A magistrada estabeleceu que, se a primeira instância não se manifestar antes do início da votação, o processo eleitoral deverá ser paralisado no estágio em que estiver. A medida poderá interromper a votação, a apuração dos votos, a proclamação ou até mesmo a homologação do resultado.

A suspensão, no entanto, terá caráter provisório e permanecerá válida somente até que a juíza responsável pelo processo decida se acolhe ou rejeita o pedido de Nova Xavantina. A desembargadora ressaltou que a ordem para análise imediata não interfere no conteúdo da decisão.

“Sem qualquer vinculação quanto ao resultado, preservada integralmente sua liberdade decisória”, pontuou Marilsen ao determinar que a 11ª Vara examine a tutela de urgência.

A disputa judicial começou em 4 de setembro, quando o Município de Nova Xavantina, representado pelo prefeito, acionou a Justiça para questionar mudanças no estatuto da AMM e regras previstas no edital de convocação da eleição da Diretoria Executiva e do Conselho Fiscal. A votação estava marcada para esta quarta-feira.
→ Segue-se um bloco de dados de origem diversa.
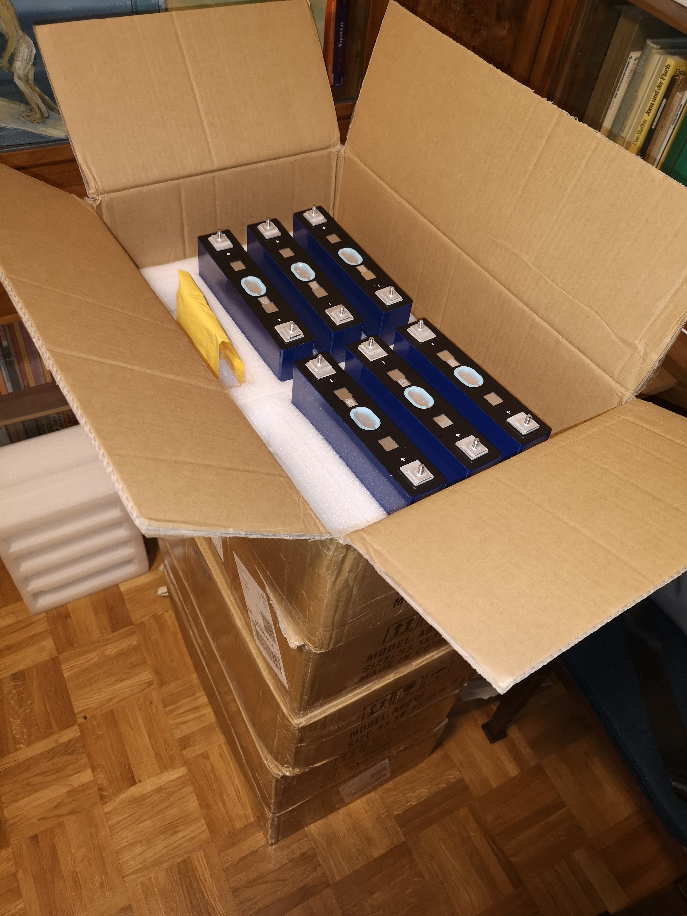 Vectrix mit Akku! In der zweiten Januarhälfte sollten die Zellen kommen. Heute, auf den Tag genau fünf Wochen nach der Bestellung, klingelt es ohne Vorwarnung oder Sendungsverfolgung an der Tür. Der dpd-Mann muss fünf Mal zum Auto laufen, und dann stehe ich vor gut 90kg Akkuzellen. Das sind ca. 2,5 kg x 36. Wow.

Embora a ação tenha sido protocolada 12 dias antes do pleito, o pedido urgente ficou sem resposta devido a sucessivas discussões sobre qual unidade judicial deveria julgar o caso.

Inicialmente, o plantão de primeiro grau entendeu que ainda havia tempo para a análise pelo juízo regular. Posteriormente, a 11ª Vara Cível remeteu a ação à 7ª Vara Cível, que declarou não ter competência e encaminhou os autos às Varas da Fazenda Pública.

Na terça-feira (15), a 1ª Vara Especializada da Fazenda Pública concluiu que a controvérsia envolvia uma relação de natureza privada entre o município e a associação. Com isso, o processo foi devolvido, em caráter de urgência, à 11ª Vara Cível.

Sem uma decisão às vésperas da eleição, a Prefeitura de Nova Xavantina recorreu ao Plantão de Segundo Grau na noite de terça-feira. Ao analisar o caso, Marilsen reconheceu que a proximidade da votação havia criado uma nova situação de urgência.

Além de determinar a comunicação imediata à 11ª Vara Cível e à AMM, a desembargadora encaminhou cópia do processo à Corregedoria-Geral da Justiça. A medida busca evitar que novos conflitos de competência provoquem atrasos na apreciação de pedidos urgentes.